#### What the task asks
From the records below, please print only the lines from the one containing "A audiência conta" through the one containing "MOGER - TIME WILL DEFEAT ALBUM SORTI EN 2015", both included. Skip the pictures.

#### Extracted entries

┄┄┄┄┄┄┄┄┄┄┄┄┄┄┄┄┄┄┄┄

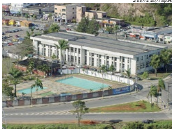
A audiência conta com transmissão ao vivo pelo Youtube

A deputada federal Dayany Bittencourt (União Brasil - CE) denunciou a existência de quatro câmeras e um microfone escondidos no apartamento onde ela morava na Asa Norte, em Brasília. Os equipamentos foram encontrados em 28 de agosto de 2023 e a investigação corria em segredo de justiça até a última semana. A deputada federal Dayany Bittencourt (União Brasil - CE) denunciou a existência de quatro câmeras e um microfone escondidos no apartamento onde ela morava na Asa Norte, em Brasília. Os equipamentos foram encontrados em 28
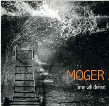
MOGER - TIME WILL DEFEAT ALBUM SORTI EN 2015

┄┄┄┄┄┄┄┄┄┄┄┄┄┄┄┄┄┄┄┄

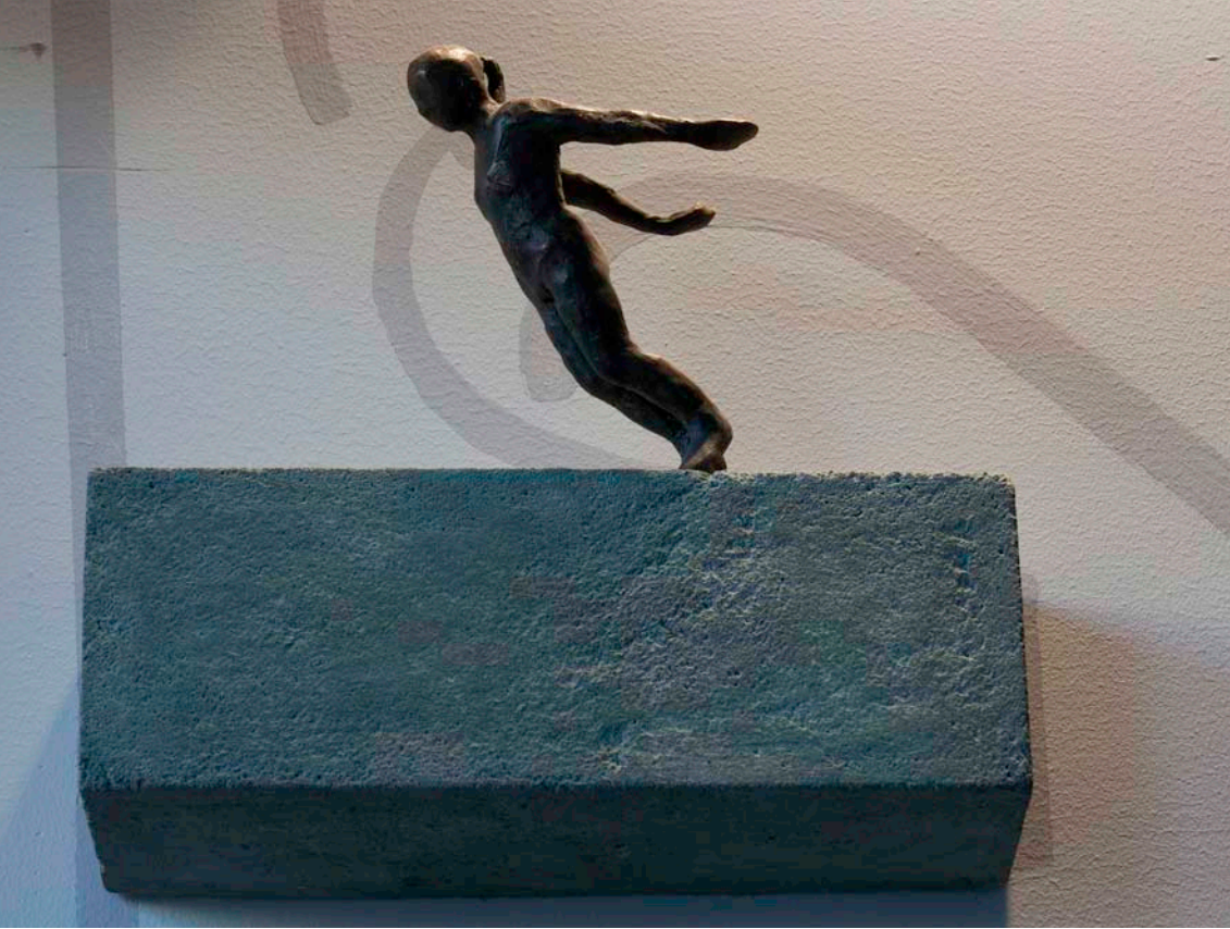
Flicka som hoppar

┄┄┄┄┄┄┄┄┄┄┄┄┄┄┄┄┄┄┄┄

#### Finished task
A audiência conta com transmissão ao vivo pelo Youtube

A deputada federal Dayany Bittencourt (União Brasil - CE) denunciou a existência de quatro câmeras e um microfone escondidos no apartamento onde ela morava na Asa Norte, em Brasília. Os equipamentos foram encontrados em 28 de agosto de 2023 e a investigação corria em segredo de justiça até a última semana. A deputada federal Dayany Bittencourt (União Brasil - CE) denunciou a existência de quatro câmeras e um microfone escondidos no apartamento onde ela morava na Asa Norte, em Brasília. Os equipamentos foram encontrados em 28
MOGER - TIME WILL DEFEAT ALBUM SORTI EN 2015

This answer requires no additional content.